* [Data for this task]:
* * *
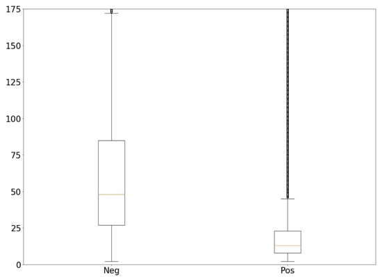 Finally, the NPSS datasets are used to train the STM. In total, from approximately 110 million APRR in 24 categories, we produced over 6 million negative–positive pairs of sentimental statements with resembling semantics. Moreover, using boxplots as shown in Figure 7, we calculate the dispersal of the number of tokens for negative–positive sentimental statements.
* * *
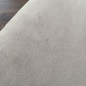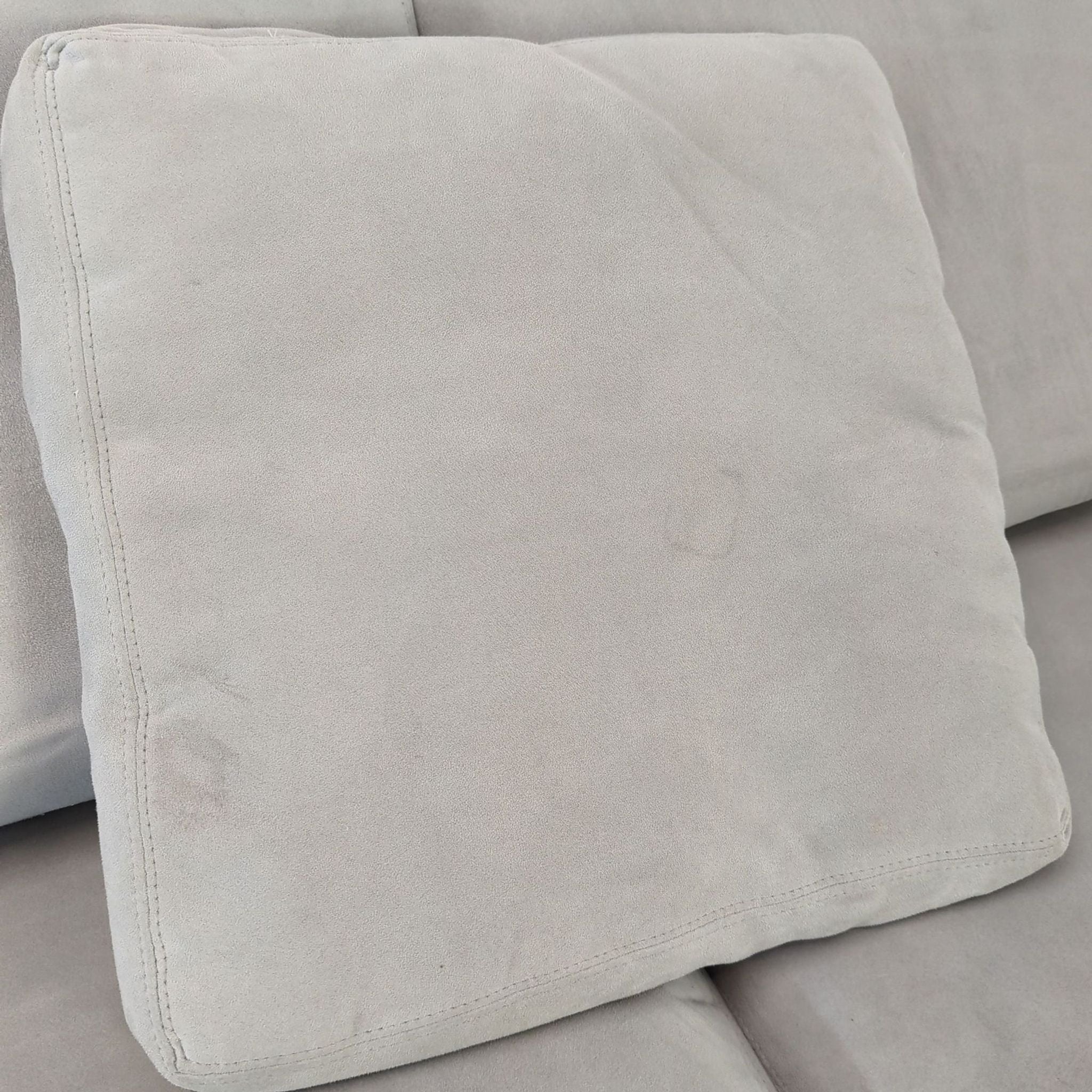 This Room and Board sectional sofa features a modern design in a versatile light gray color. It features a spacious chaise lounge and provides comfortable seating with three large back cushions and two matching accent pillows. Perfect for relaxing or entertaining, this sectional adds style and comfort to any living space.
* * *
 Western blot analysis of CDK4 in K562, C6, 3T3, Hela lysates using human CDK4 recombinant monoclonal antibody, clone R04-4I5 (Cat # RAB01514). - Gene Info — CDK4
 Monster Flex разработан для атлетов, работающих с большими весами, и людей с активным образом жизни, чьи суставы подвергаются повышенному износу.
* * *
* [Assigned task]: Retype the records above, but only those lines that fall between the line containing "Western blot analysis" and the line containing "Monster Flex разработан", with both of those lines included, exactly as written.

* [Expected answer]:
 Western blot analysis of CDK4 in K562, C6, 3T3, Hela lysates using human CDK4 recombinant monoclonal antibody, clone R04-4I5 (Cat # RAB01514). - Gene Info — CDK4
 Monster Flex разработан для атлетов, работающих с большими весами, и людей с активным образом жизни, чьи суставы подвергаются повышенному износу.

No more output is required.